* [Exercise aim]:
Output everything in the data exactly, leaving the pictures out.

### Exercise data ###

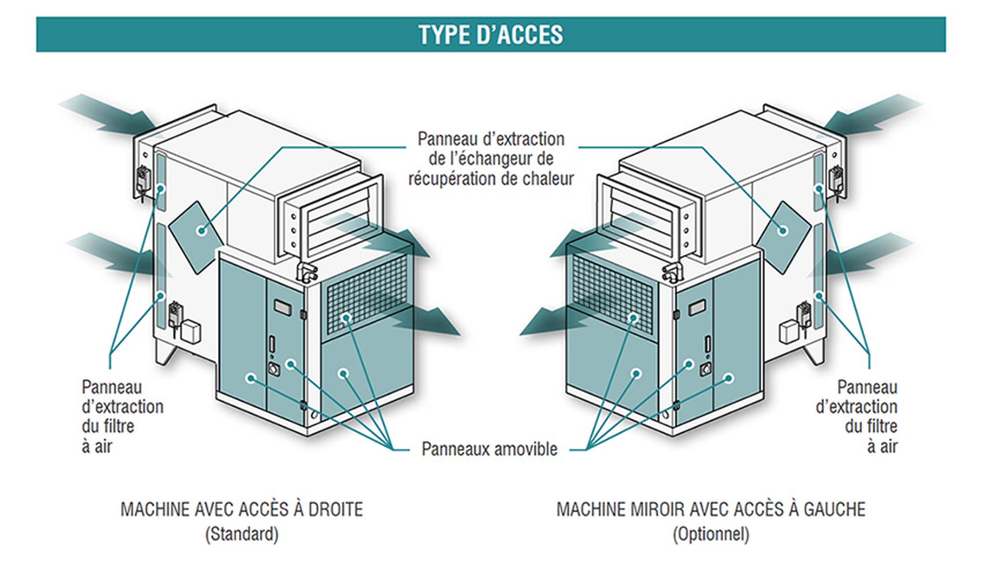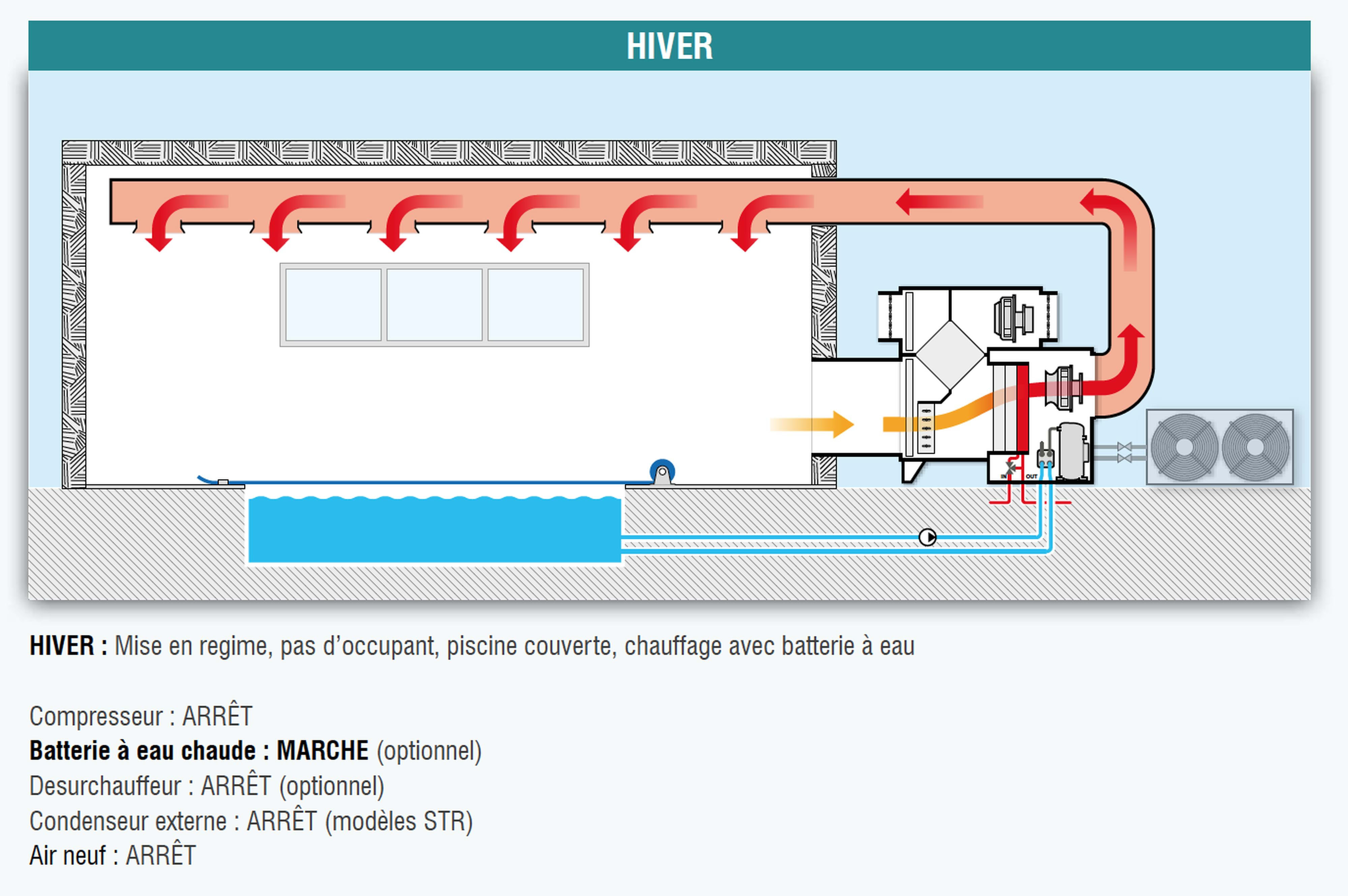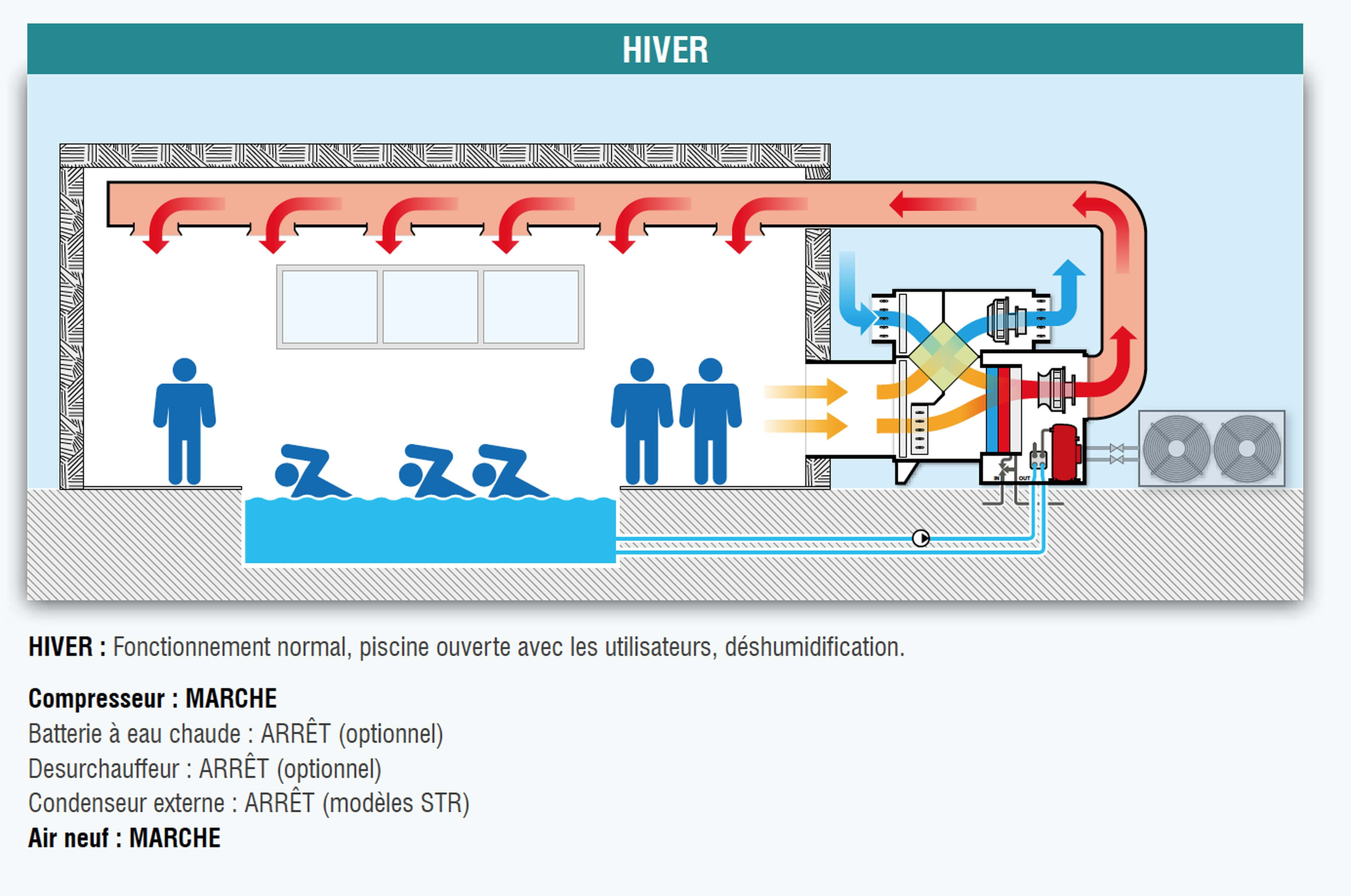 Déshumidificateur double flux, conçu pour la déshumidification, le chauffage, le freecooling et le renouvellement d’air avec récupération de chaleur des piscines intérieures.
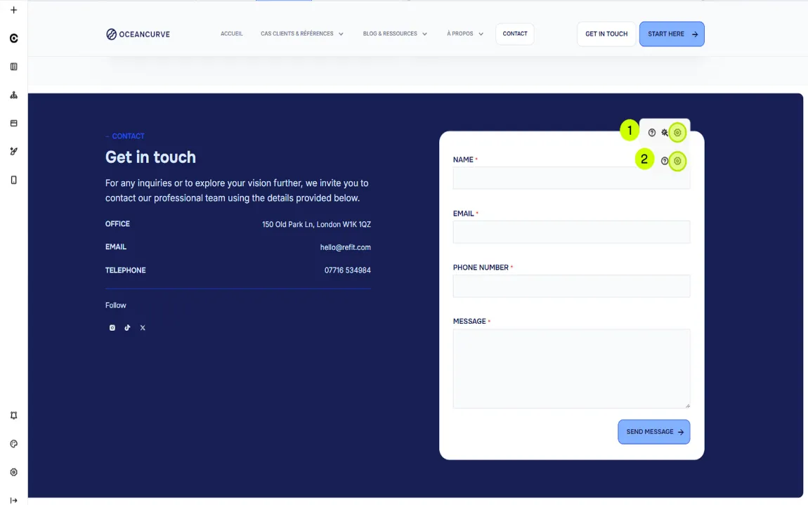 Lorsque vous utilisez un bloc contenant un module formulaire, deux icônes de paramétrage sont disponibles :
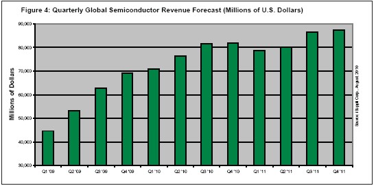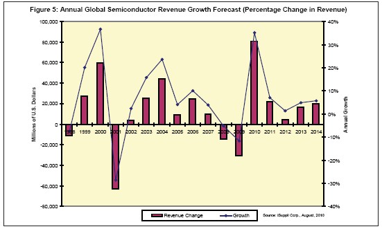 iSuppli公司預測,半導體產業將連續增長七個季度,然後在2011年第一季度出現季節性下降。 這將是該產業在1991至1995年期間連續增長19個季度之後,連續增長時間最長的一次。
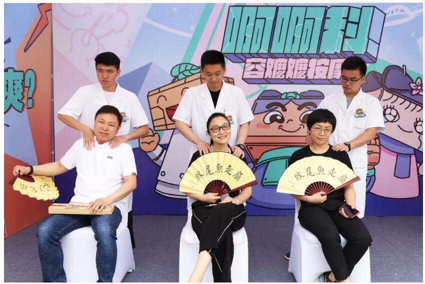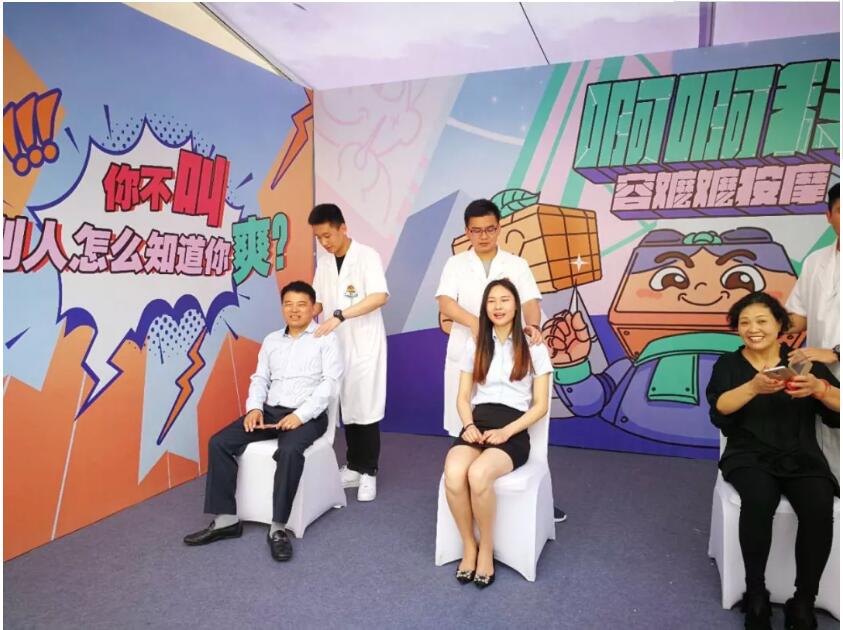 下一站的啊啊科就膩害了,依諾專門從醫院請來專業的按摩師傅,還是比較帥的那種,為每一位參與者按摩,強勁的力道、熟練的手法、點對點的舒服體驗,現場響起一遍又一遍舒服的喊叫。

###

* [Result of this exercise]:
 Déshumidificateur double flux, conçu pour la déshumidification, le chauffage, le freecooling et le renouvellement d’air avec récupération de chaleur des piscines intérieures.
 Lorsque vous utilisez un bloc contenant un module formulaire, deux icônes de paramétrage sont disponibles :
 iSuppli公司預測,半導體產業將連續增長七個季度,然後在2011年第一季度出現季節性下降。 這將是該產業在1991至1995年期間連續增長19個季度之後,連續增長時間最長的一次。
 下一站的啊啊科就膩害了,依諾專門從醫院請來專業的按摩師傅,還是比較帥的那種,為每一位參與者按摩,強勁的力道、熟練的手法、點對點的舒服體驗,現場響起一遍又一遍舒服的喊叫。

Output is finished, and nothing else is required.